Lead Research Organisation: London School of Hygiene & Tropical Medicine
Department Name: Infectious and Tropical Diseases

Abstract

People with type 2 diabetes mellitus (T2DM) have a three-fold enhanced risk of developing tuberculosis (TB) following infection than the general population. As the global burden of T2DM is rapidly growing, and increasingly overlapping with the TB epidemic particularly in low and middle income countries, there is an urgent need to develop new intervention strategies. The underlying causal mechanism linking the two diseases is unknown.

The Complement system is part of the immune system which enhances the actions of immune cells and antibodies, enabling better killing and clearance of pathogens. The role of Complement in TB has not been fully investigated. Complement consists of several protein components, which can exert their effect on downstream components in a cascade pathway. The first component which is activated in the classical pathway is C1. Recently, it has been discovered that expression of C1q genes and proteins are upregulated in blood in TB patients, although its exact role is unclear. It may be acting to enhance killing of Mycobacterium tuberculosis bacilli by phagocytes, but it may also be allowing the bacilli to escape killing by down-regulating the killing ability of the phagocytes, as C1q is known to carry out a regulatory role in other diseases. C1q activity has also been implicated in T2DM, in which free circulating concentrations of C1q are elevated.

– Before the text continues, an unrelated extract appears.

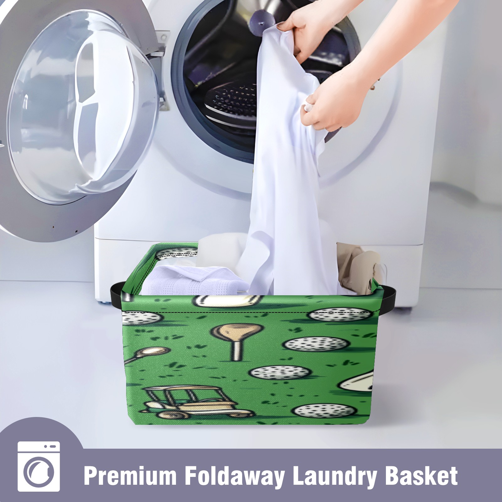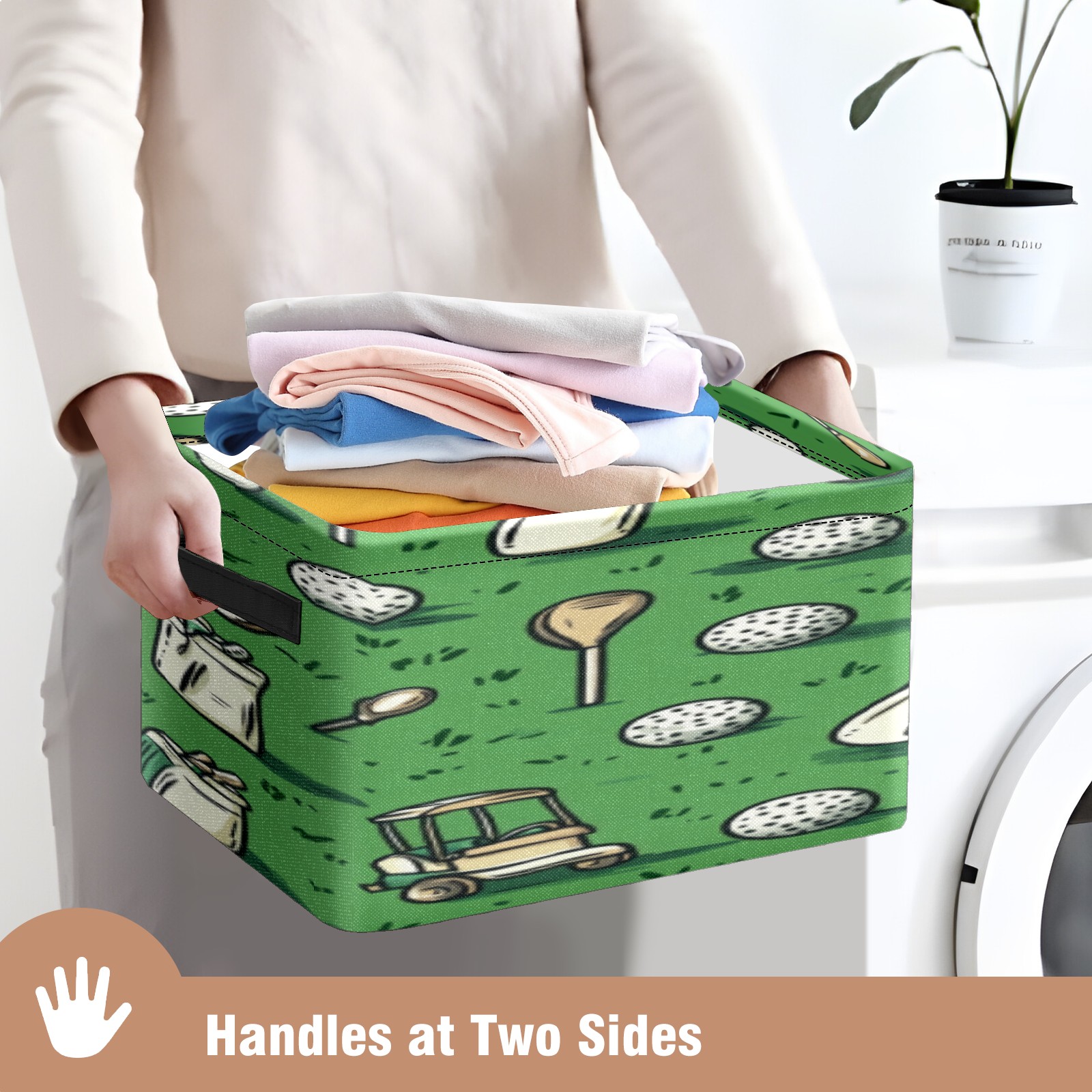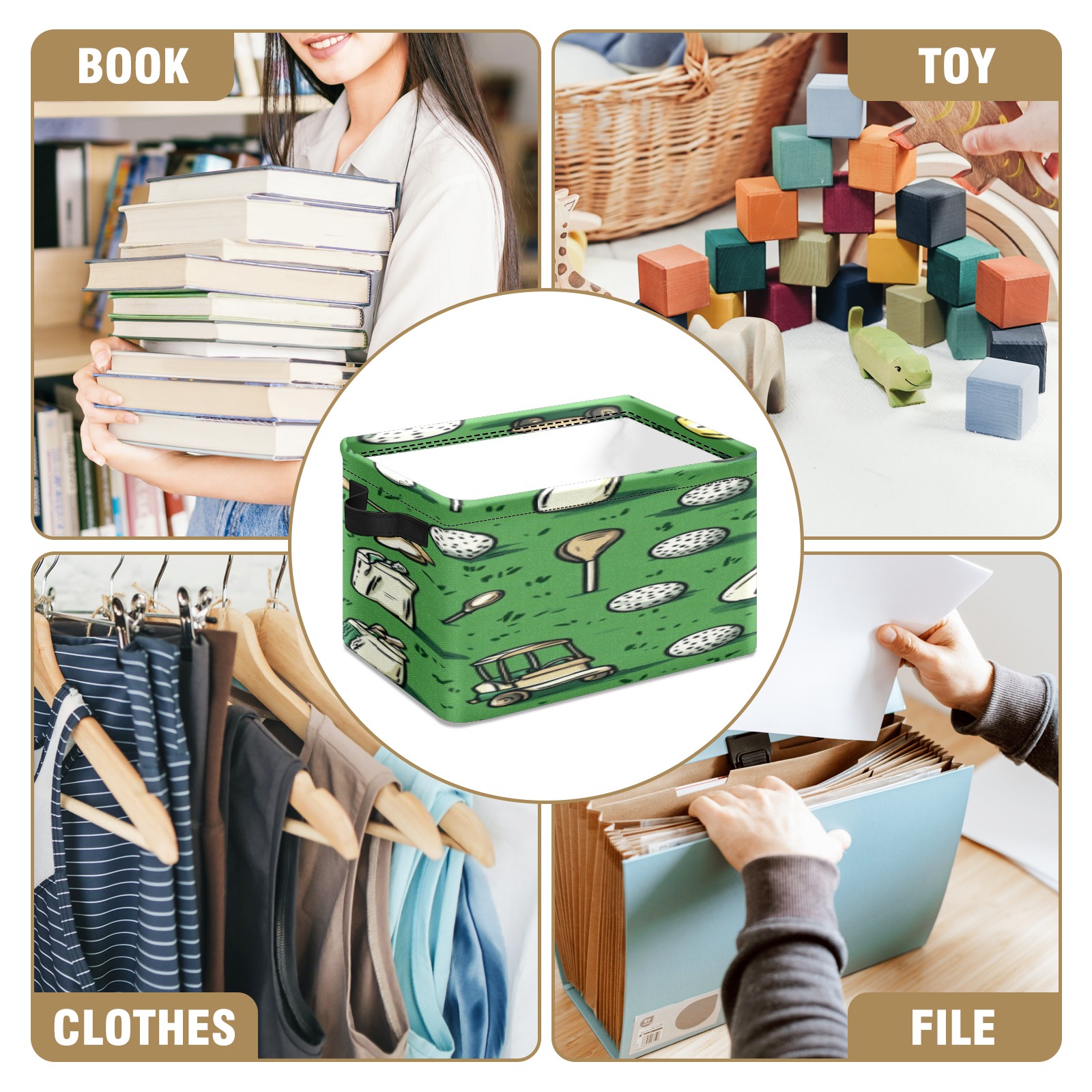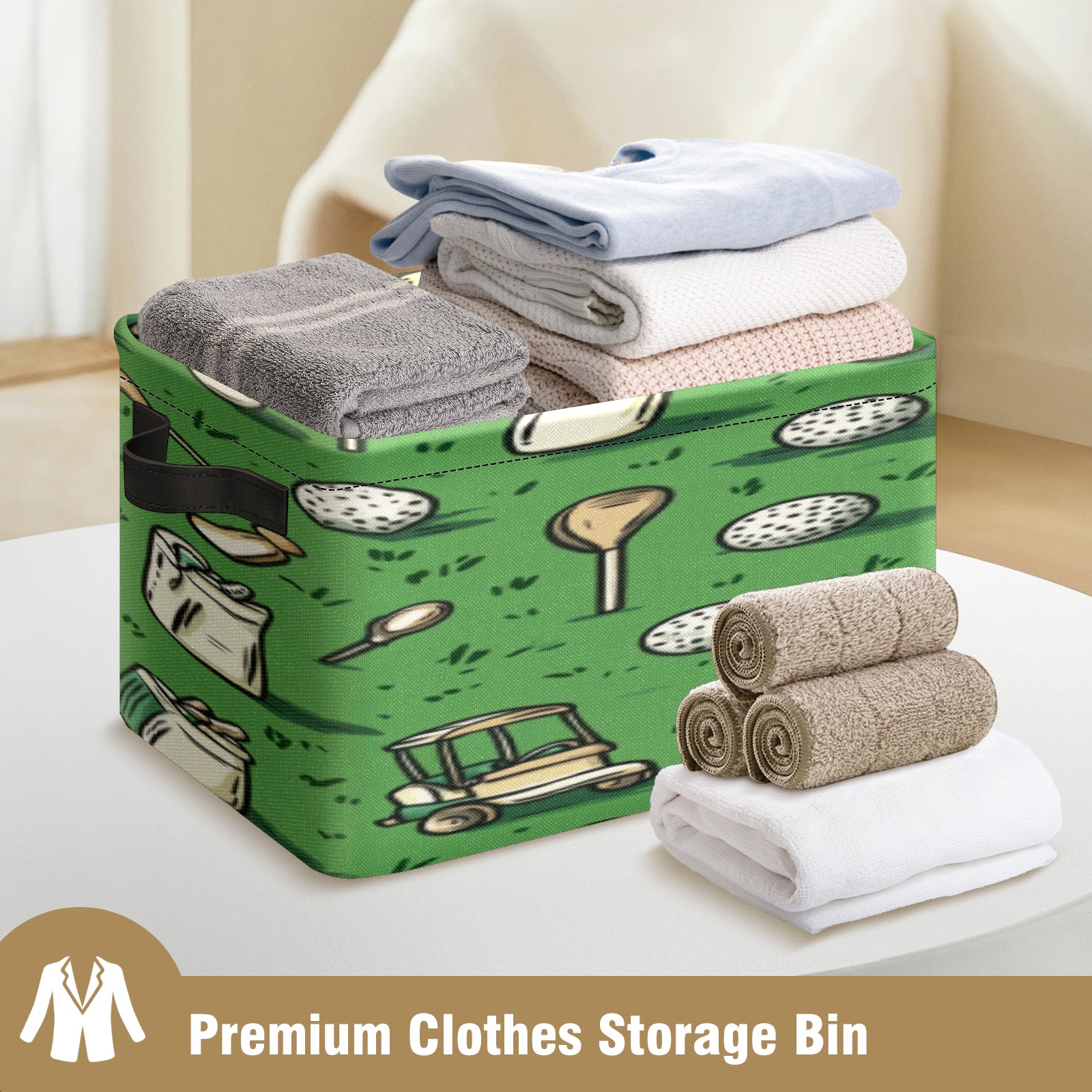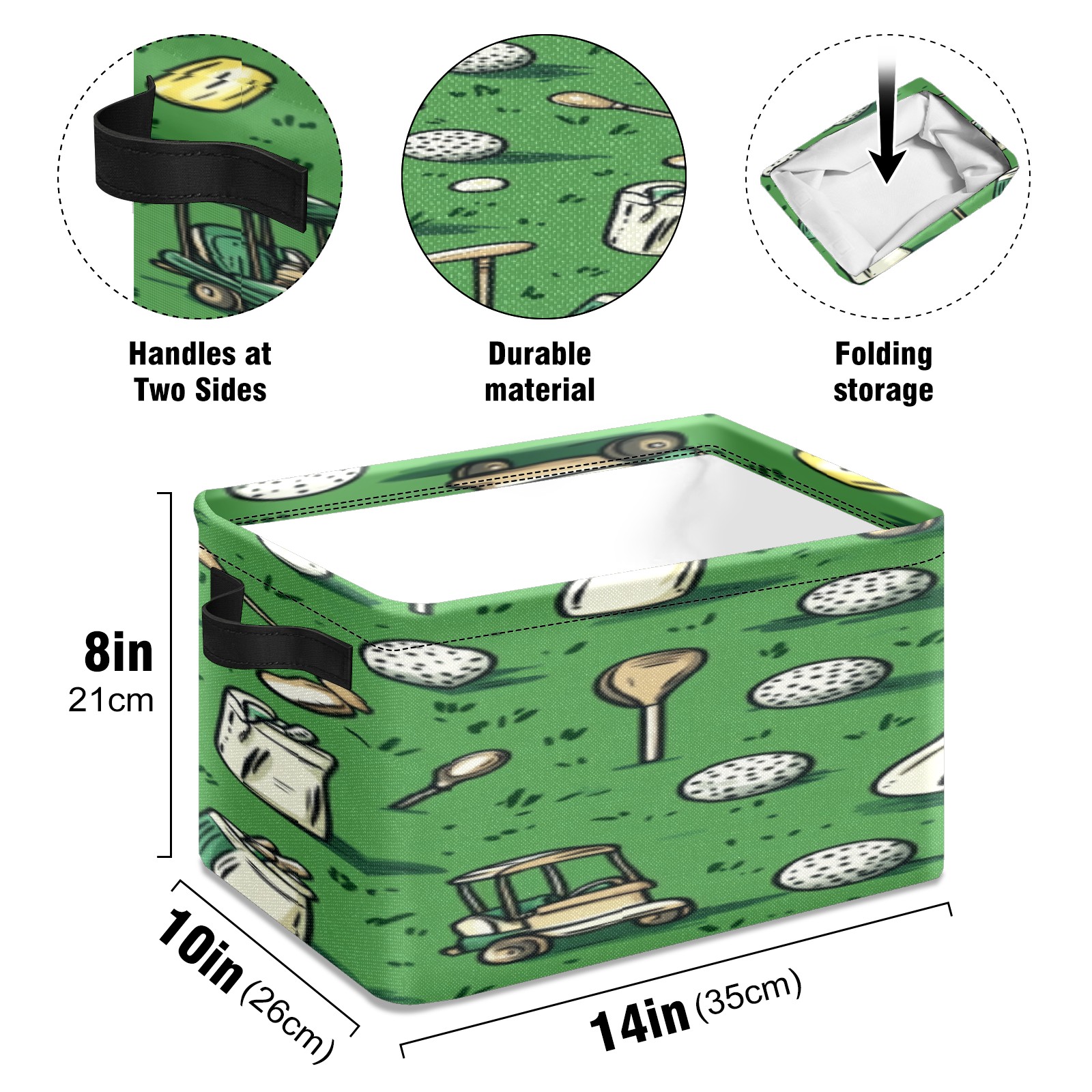 Foldable and Stackable Fabric Storage Basket for Home Organization with Handles, Decorative Closet Bins for Shelves, Laundry, and Toy Storage( Golf Balls And Club Bags)

In this project, we will ask whether C1q acts as a mechanistic link between TB and T2DM, such that elevated free C1q in T2DM patients predisposes them to develop TB disease. Further, we will investigate how C1q might act, by investigating its effects on macrophages, which are the main cell type infected by M. tuberculosis. Together, the studies will reveal whether C1q is an important regulator of TB disease development, as part of a common pathway linking TB disease susceptibility with T2DM pathogenesis.

Additionally, the project will serve as a platform for enhancing scientific links between the London School of Hygiene & Tropical Medicine and Padjadjaran University, and facilitate capacity development particularly in cellular and molecular immunological techniques in the Indonesian laboratory.

Technical Summary

The C1q Complement component has been separately implicated in (TB), where it is upregulated in blood, and in T2DM where the proportion of free C1q is elevated due to a reduction in circulating adiponectin which usually complexes with C1q. This project will investigate C1q as a potential biological mechanism linking TB susceptibility and T2DM.

C1Q gene expression (Cliff et al, JID 2013) and protein expression is elevated in TB patients' blood but its effects on macrophages are unclear. In healthy donors in the UK, we propose to 1) determine the human cellular source of C1q and whether expression is up-regulated by M. tuberculosis, and 2) determine whether C1q regulates macrophage function, including differentiation and polarisation to an alternatively activated M2 phenotype, M. tuberculosis phagocytosis and growth restriction, and cytokine production. We will exploit RNASeq technology to investigate the intracellular impact of exogenous C1q.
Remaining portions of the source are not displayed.